Where do I begin? The latest spin on shameless fame-whoring and emotional exploitation of the stupid comes from a new show called "Momma's Boys," and it centers on a group of mothers faced with the challenge of helping find the perfect woman for their douchey sons, in some hacking attempt to "answer" the "ultimate" question: "Who is really the most important woman in every man's life?"
Executive produced by Ryan Seacrest (you've been warned) and Andrew Glassman (Average Joe), "Momma's Boys" drama ensues when a three mothers and their puffy, narcissistic bachelor sons are housed together with several single women - 32, to be exact. Some of the possible matches for the guys are "nice girls," as in, girls who don't have a history of taking their clothes off for money.
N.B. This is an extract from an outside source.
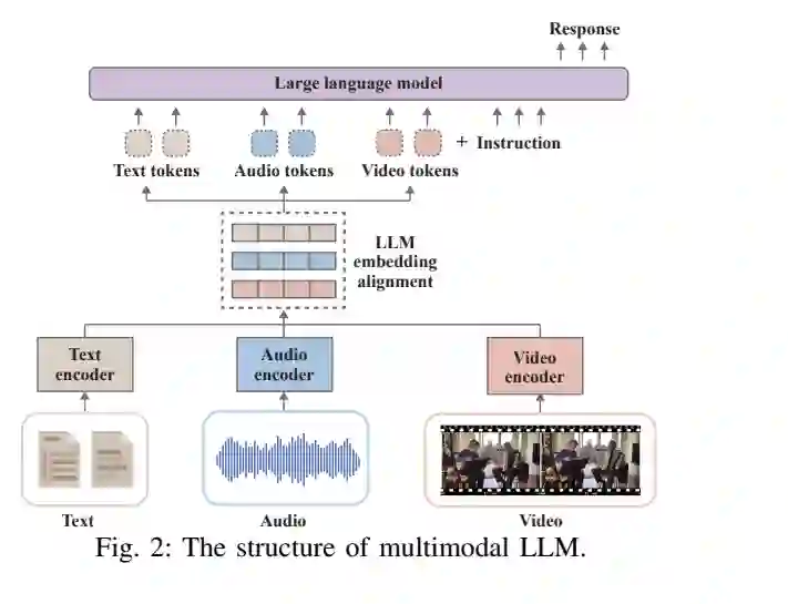 LLM架构可分为三类:仅编码器LLMs、编码器-解码器LLMs和仅解码器LLMs。仅编码器LLMs,如ALBERT [38],仅由编码器组件组成,通常基于高级架构如Transformer [19]。编码器负责处理输入序列,为每个令牌生成上下文化表示。尽管缺少用于生成输出序列的解码器,仅编码器LLMs在各种NLP任务中仍表现出色,如文本分类、句子相似度计算和语言理解,因其高效的特征提取能力和可适应的表示。编码器-解码器LLMs,以T5模型为代表[39],在NLP领域代表了一项重要进展,在其架构中集成了编码器和解码器组件。编码器处理输入序列以生成上下文化表示,而解码器利用这些表示生成输出序列,通常以序列到序列的方式。编码器-解码器LLMs广泛应用于机器翻译、文本摘要和问答等任务,因其捕捉复杂语言结构和上下文依赖关系的能力。仅解码器LLMs,以著名的GPT系列[34],[40]为代表,构成LLMs的一个重要分支。仅解码器LLMs采用自回归解码,这在仅解码器和编码器-解码器LLMs中广泛使用,根据序列中的先前令牌生成输出序列。这种架构设计使其特别适合于生成文本的任务,如语言生成、文本补全和对话响应生成。3) 多模态LLMs:由于传统LLMs [41]-[43]主要应用于文本数据,对LLMs的单模态模型训练限制了它们理解超越文本的其他数据类型的能力。例如,传统的LLMs如GPT-3和BERT [23]仅依赖于文本输入。然而,在许多现实场景中,语言理解不仅限于文本上下文,还包括视觉线索、听觉信号和来自多种传感器的上下文感知信息。 为解决上述问题,学术界和工业界广泛研究了多模态LLMs的范式,如图2所示,将文本、图像和音频等各种模态融合到一个统一的框架中,释放处理多种数据类型的潜力。例如,GPT-4 [40]擅长同时处理图像和文本输入,在各种基准测试中展示了与人类相当的表现。在图像描述任务中,GPT-4利用图像和相关文本数据生成更精确和生动的描述,而在语音识别任务中,它将语音信号与文本信息结合以改进语音理解和转换。多模态感知在追求通用AI中起着关键作用,因为处理复杂的现实数据需要能够跨模态信息融合和交互学习的AI模型,从而提升多个感知领域的训练性能。

Several others, however, are no stranger to being degraded by slobbering men for money. For example, contestant Erica Ellysonis the 2008 Penthouse Pet of the Year, while Stacey Fuson (FYI - links are very NSFW) is Playboy's Miss February 1999, and Brittany Fuchs recently did her own spin in Playboy. So much for a level playing field, huh girls?
Granted, there are gathering of females on the show who aren't nude models or professional famewhores, but they're just streaks of faux legitimacy for viewers with weaker stomachs. They'll likely be dismissed within the first few episodes. Somewhat normal and within screaming range of genuinely intelligent have no place on this kind of show.
Naturally, producers found the most possessive, narrow-minded mothers on the face of the planet for "Momma's Boys" as well. Despite the fact that the show doesn't air for another week, there's already been one major incident involving one of the mothers: Khalood Bojanowski of Washington Township, Michigan has notified local police expressing concern about repercussions after her neighbors see her true colors in the show's first episode. The segment she's concerned about centers on Bojanowaski listing the qualifications she’s seeking in a mate for her son Jojo, who is 21 years old. That's right, I said Jojo.
“I cannot have a Black one," said the self-described Iraqi Catholic (as if Catholics weren't riddled with enough guilt, right?) "I can’t have an Asian one; I can’t have a fat-butt girl,” she went on. Well, ok, no fat-ass black Asians. Check. How about a nice Jewish girl? ”Nooo! No Jewish girl! No way, no way!” she says. “I cannot stand them! I’m sorry, but I can’t handle them. It has to be a white girl.”
Bojanowski is even seen in a future episode threatening to kill her son or at least, uh, strangle his balls when she sees him kissing a black woman in a hot tub. “I’m going to kill him, that’s what I’m going to do!” she screams. “I’m going to strangle his balls! I swear, I’m ready to kill somebody!”
Needless to say, there's very little Khalood or the other two mothers won't do to influence their sons in their televised searches for the perfect mate. This is all done, of course, under the premise of entirely dismissing the inarguable fact that all three guys are mind-numbingly ridiculous exhibits of de-evolution themselves, and the girls aren't exactly family-portrait material.
I'd say this show has a life expectancy of about three minutes, but if "I Love Money" can still be on the air, and any of us has any idea who Tila Tequila is, anything can happen.
One girl gets a special mention, just to show you the caliber of trash we're discussing here. If the show were based on terrible dye jobs and balls-out delusional freakish retardation alone, she'd take the cake in a heartbeat.

This is Rana Lyn Kaidbey, and these words are entirely hers:
"I graduated from Texas Christian University cum laude. My goals are to some day become a television host, as I refuse to let anything or anyone hold me back. All right, I am going to break this down for you... I'm a badass. It is true. I am extremely witty, and I’m always cracking jokes, so if you cannot keep up… take it somewhere else. I am normally out enjoying life with my friends and avoiding fake people in this world. I don't like people who pretend to be something they are not...and only time will show that. I’m a bartender, so that means if I have a night off most of the time I'm at a bar seeing my friends. I get told quite often I have the appearance of a bitch, but when people meet me, the majority will say I’m the biggest sweetheart ever. I am religious and believe God will have my back. There has not been a situation that I haven't triumphed over yet. The game is not over yet, because I didn't hear the fat lady singing anyway! I am a leader and definitely not a follower, so if I made up my mind about something then trust me you can't change it. I am a huge huge huge chocoholic and can almost always eat a pizza. I am actually more like a guy than a girl when it comes to my personality. I played sports for years and follow it, so get ready guys!!!! Now, I am learning that you have to earn the right to be in my life... it's not just handed over to anyone anymore because I know quality is hard to find. I live by the motto: dude life's one big-ass party and I generally like to be the one leading the fun!!!"
Momma’s Boys premieres on NBC on Tuesday, December 16th at 10 PM ET.